I'm looking for an good way to solve the following problem. My current fix is not particularly clean, and I'm hoping to learn from your insight.
Suppose I have a Panda DataFrame, whose entries look like this:
>>> df=pd.DataFrame(index=[1,2,3],columns=['Color','Texture','IsGlass'])
>>> df['Color']=[np.nan,['Red','Blue'],['Blue', 'Green', 'Purple']]
>>> df['Texture']=[['Rough'],np.nan,['Silky', 'Shiny', 'Fuzzy']]
>>> df['IsGlass']=[1,0,1]
>>> df
Color Texture IsGlass
1 NaN ['Rough'] 1
2 ['Red', 'Blue'] NaN 0
3 ['Blue', 'Green', 'Purple'] ['Silky','Shiny','Fuzzy'] 1
So each observation in the index corresponds to something I measured about its color, texture, and whether it's glass or not.

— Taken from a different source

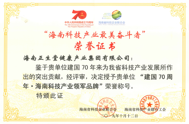 “海南省酒店与餐饮行业最美奋斗者”荣誉证书

What I'd like to do is turn this into a new "indicator" DataFrame, by creating a column for each observed value, and changing the corresponding entry to a one if I observed it, and NaN if I have no information.
>>> df
Red Blue Green Purple Rough Silky Shiny Fuzzy Is Glass
1 Nan Nan Nan Nan 1 NaN Nan Nan 1
2 1 1 Nan Nan Nan Nan Nan Nan 0
3 Nan 1 1 1 Nan 1 1 1 1
I have solution that loops over each column, looks at its values, and through a series of Try/Excepts for non-Nan values splits the lists, creates a new column, etc., and concatenates.
This is my first post to StackOverflow - I hope this post conforms to the posting guidelines. Thanks.